According to the source code (see function unique_id_global_init), the size of the UNIQUE_ID string is:

((size_of(unsigned int)+size_of(unsigned int)+size_of(unsigned int)+size_of(unsigned short)+size_of(unsigned int)) * 8 + 5) div 6
= ((4+4+4+2+4) * 8 + 5) div 6
= 24 characters

From the source code (see function gen_unique_id) we also find that a standard MIME base64 encoding is used followed by translating the '+' character to '@' and the '/' character to '-'. This allows us to easily reverse engineer our UNIQUE_ID values and so extract the original input tuple.

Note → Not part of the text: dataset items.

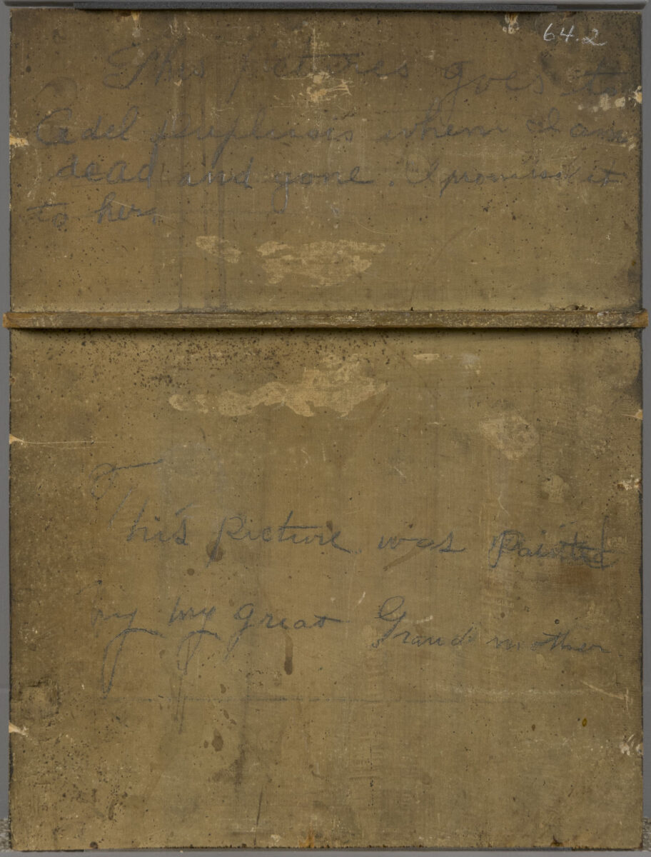 Unfortunately, not all inscriptions are as comprehensible as these. On the backside of Deborah Goldsmith’s Family Portrait (c. 1832), conservators found, “This picture goes to Adel [Duplinois] when I am dead and gone. I promised it to her,” and “This picture was painted by my great Grandmother,” both inscribed by unknown writers. These two passages raise a few big, unanswered questions. First, what is the correct spelling of the name in the first inscription? The cursive writing is difficult to interpret; “Duplinois” is an educated guess, and that person’s relationship to the artist is also unknown. Second, who wrote these passages? The differing script suggests they were written by two different people, and which of the artist’s many great-grandchildren wrote the second inscription?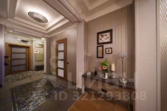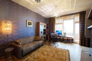 Эта квартира впечатляет своим классическим стилем с элементами итальянской эстетики, который подчеркивает её статус и изысканность. Внутреннее оформление выполнено с использованием исключительно высококачественных материалов. Стены и потолки украшены декоративной штукатуркой с золотым напылением, а также ручной лепниной и молдингами из натурального дерева, создающими уютную атмосферу. Напольные покрытия из мрамора в гостиной и санузлах, а также дубовый паркет в спальнях, говорят о безупречном вкусе владельца.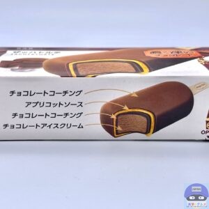 チョコレートアイスクリームとアプリコットソースを、2つの食感のチョコレートでコーティングしています。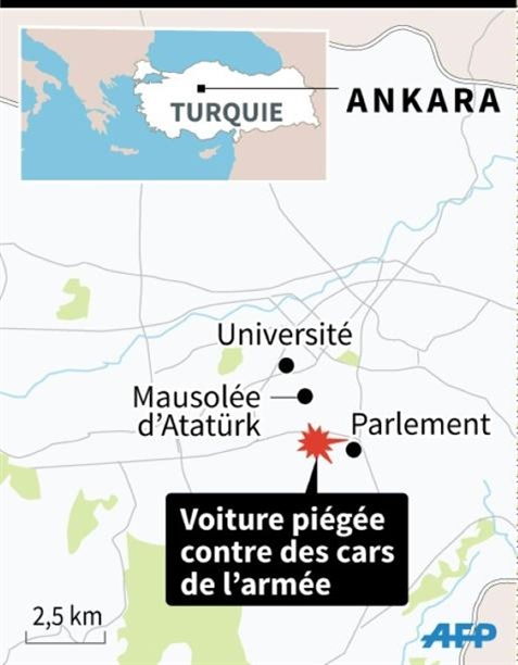 Selon le gouverneur de la capitale turque Mehmet Kiliçlar, cité par les médias locaux, cette attaque a visé des bus de l'armée près de la place Kizilay, où sont localisés de nombreux ministères, l'état-major des armées et le Parlement turc.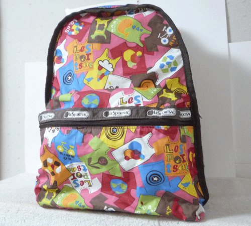> ☆美品☆ レスポートサック LESPORTSAC ナイロン マルチカラーシャツ柄 ダークブラウン系 リュックサック レディース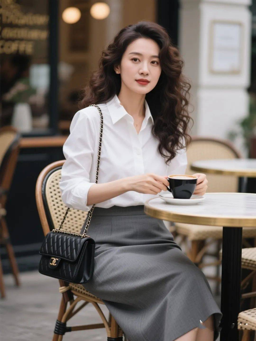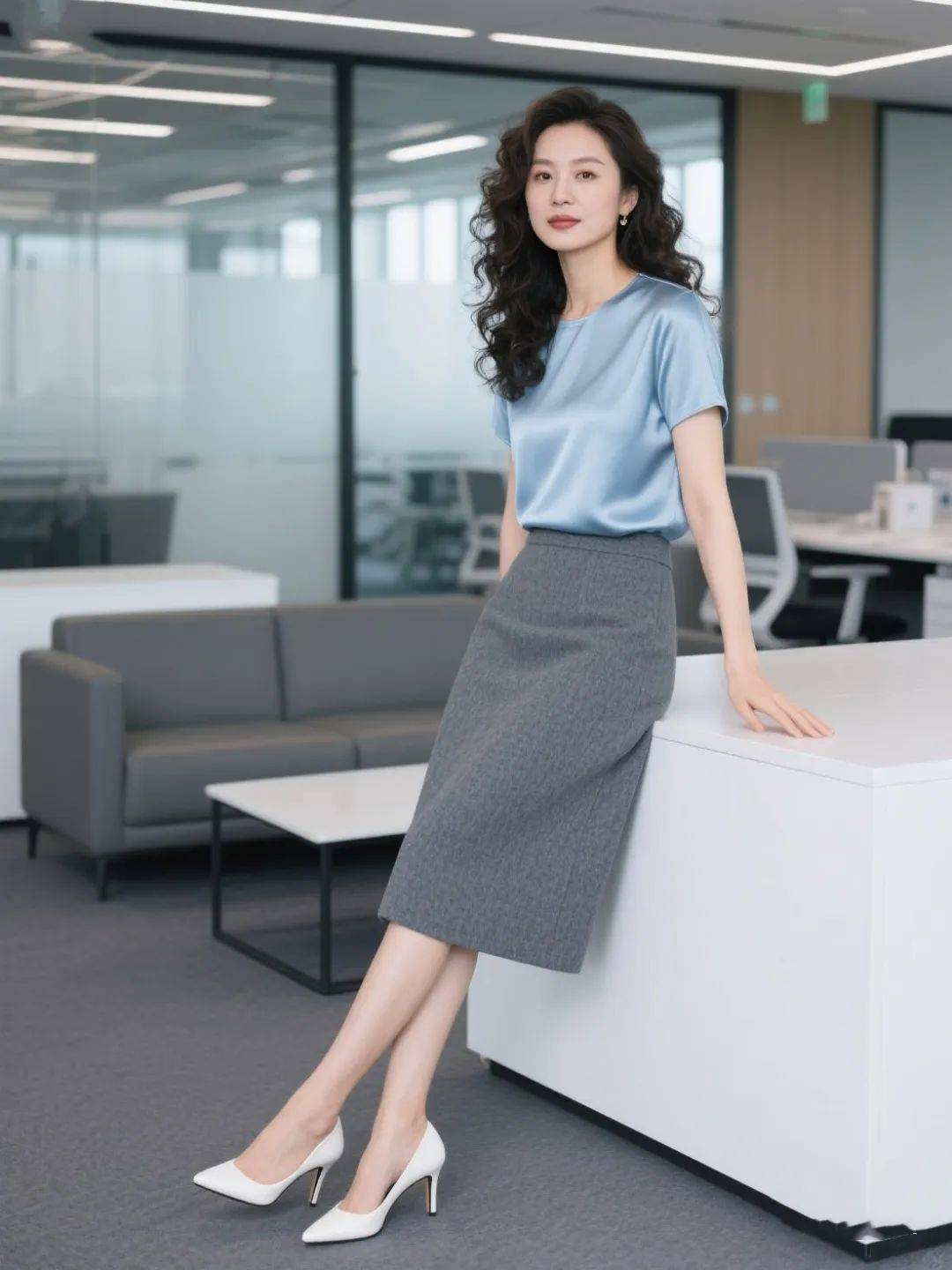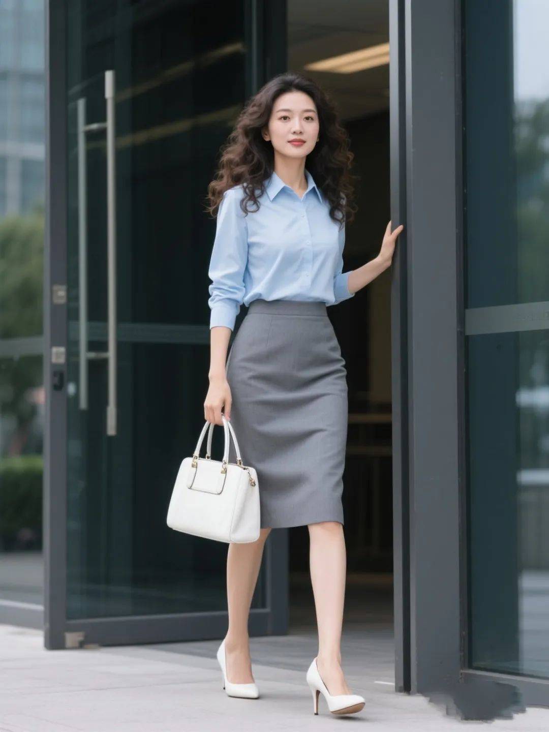 蓝色衬衫自带轻松自在的气场,搭配灰色半裙,女性的帅气魅力彻底释放!走路带风,自由不羁的洒脱气质拿捏得死死的~配上白色高跟鞋,不管是职场拼杀还是街头漫步,都像自带 “时尚 BGM”,又帅又美,回头率爆表!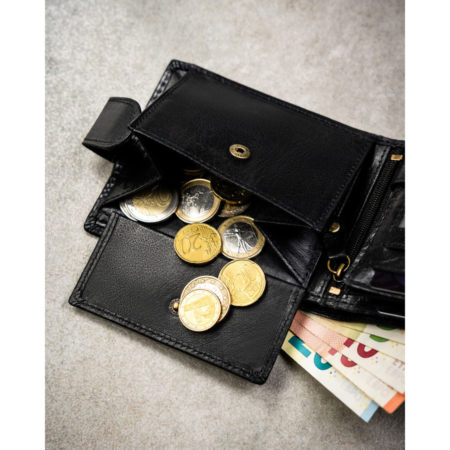 - Kieszonka na bilon z zatrzaskiem, która dobrze trzyma monety na miejscu.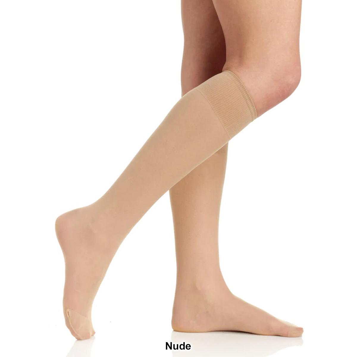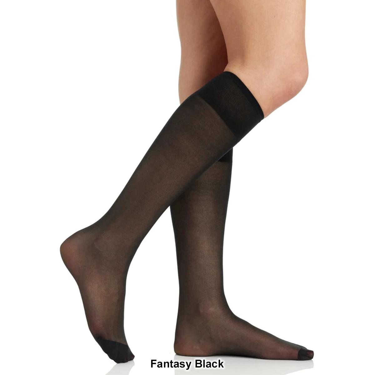 The Womens Berkshire 3-pack all day sheer knee high hosiery with a reinforced toe is a great option to wear under any outfit for that sleek feel. Style 6528 Hand wash Dry flat Materials: Nylon, Spandex.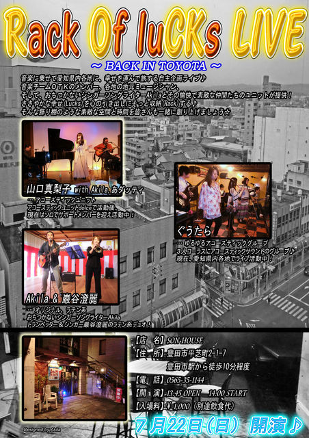 貴重なスペースをお借りして告知させていただきます☆ この度ようやく、 豊田市内で自主企画ライブを主催させていただく事に成功しました♪ 豊田市のSON HOUSE(サンハウス)というライブバーで行なわれます♪ これを機に豊田市も音楽で盛り上げていきたいと思いますので、 ぜひ遊びにいらしてください♪ 音楽に乗せて愛知県内各地に、 幸せを運んで旅する自主企画ライブ♪ 音楽チームOTKのメンバー、各地の地元ミュージシャン、 そして、おちつかないシンガーソングライターAkila とその愉快で素敵な仲間たちのユニットが提供します。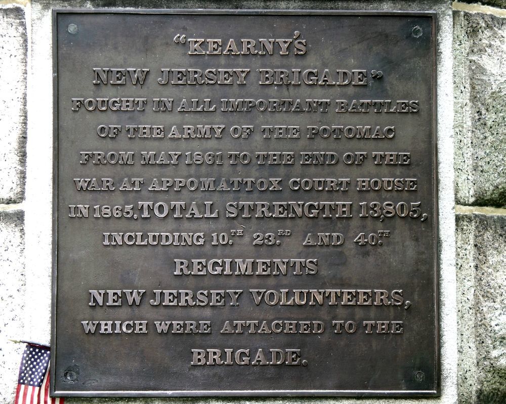 1 of 12 Mn to NJ. Only Mn to honor 1st, 2nd, 3rd, 4th, & 15th NJ regiments. Indicates general position held by Brigade Jul 2-3, 1863. Flank Markers denote specific line positions. Vista opened to Mn 1902. Located E side of N Sedgwick Av. || Mn w/ 4 flank markers. Base 7'dia. Coursed, rough-cut shaft w/ decorative banding on turret design. Excised lettering base, minature temple surrounds front bronze tablet. Bronze tablet, back, bas-reliefs sides. All 12'H. Mkrs eroded, 1'sq x 1'5".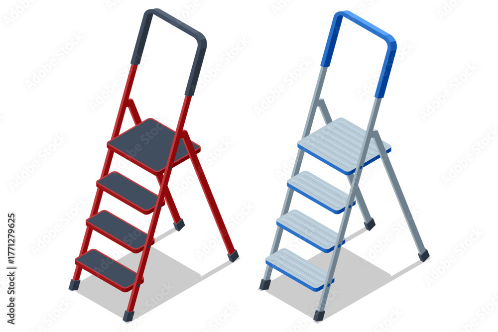 Isometric metal step ladders in red and blue colors. Concept of home repair, maintenance, construction, and DIY equipment. #1771279625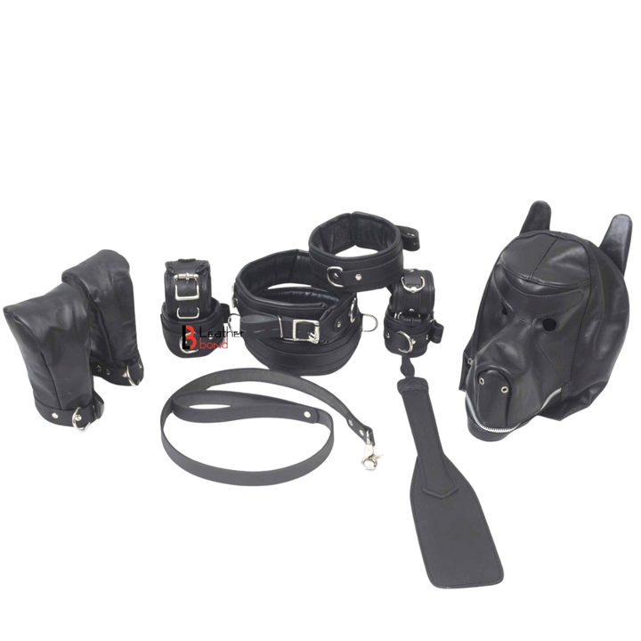Blue Men's Eco-Friendly Role Play Bondage Set with Leather Cuffs Collar Paddle Rope and Fetish Gear
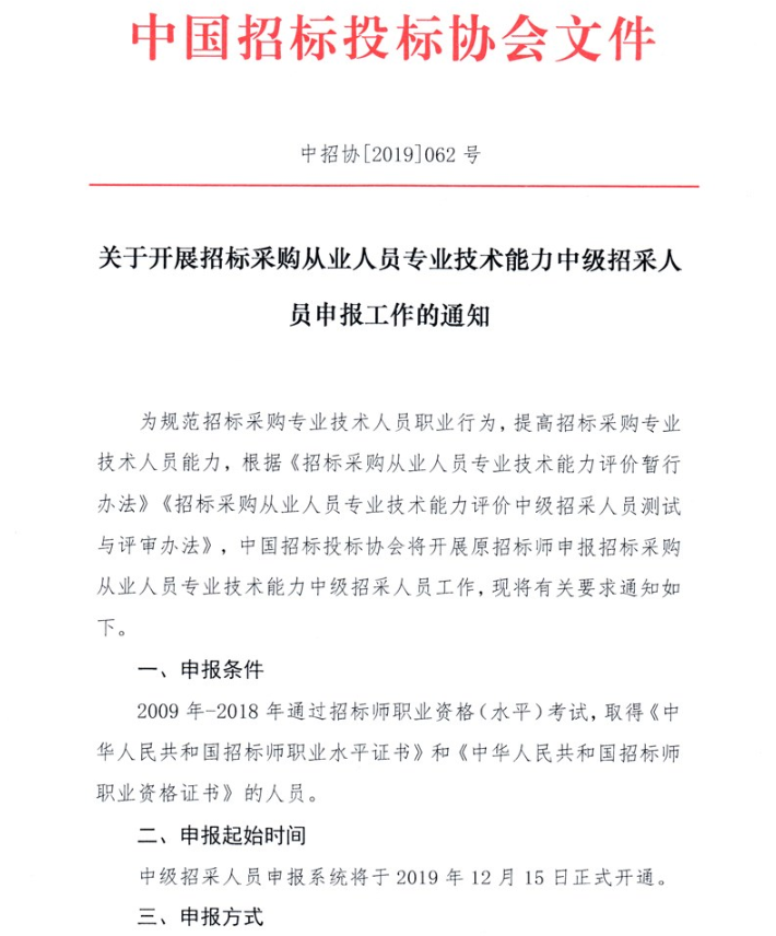 關于開展招標采購從業人員專業技術能力中級招采人員申報工作的通知

In examining the revision log for mod_unique_id.c we have that:

  • revision 596448 differs from revision 420893 in the way in which it handles the timestamp value within the function gen_unique_id
  • revision 420893 differs from revision 596059 by changes to the license comments and in the way that it handles calculating UNIQUE_ID over frequent process restarts (ie. within < 1 second of the previous restart)
  • revisions prior to 596059 (all of which are dated July 2002 or earlier) alter the code in multiple ways.
More specifically, we have that:
  • revision 420893 and 596448 both use the C++ expression r->request_time to extract the apr_time_t struct that encodes the time at which the request was received
  • revision 596448 uses the C++ function apr_time_sec to extract (from the apr_time_t struct) the time at which the request was received in seconds as our timestamp value (modulo 232)
  • revision 420893 uses the first 4 bytes of the apr_time_t struct (ie. the tm_usec field or the microseconds component of the time at which the request was received) as our timestamp value.
Based on these observations we can now implement a test, based on our timestamp encoding and the time at which the log event was received, to determine if a given UNIQUE_ID value is at a revision > 420893 or not.

References

[Carrier2006] A Hypothesis-based Approach to Digital Forensic Investigations

by Brian Carrier

May 2006. Phd Thesis. Purdue University. CERIAS Tech Report 2006-06

[Casey2009] Handbook of Digital Forensics and Investigation

by Eoghan Casey

October 2009. Academic Press. ISBN: 978-0-12-374267-4.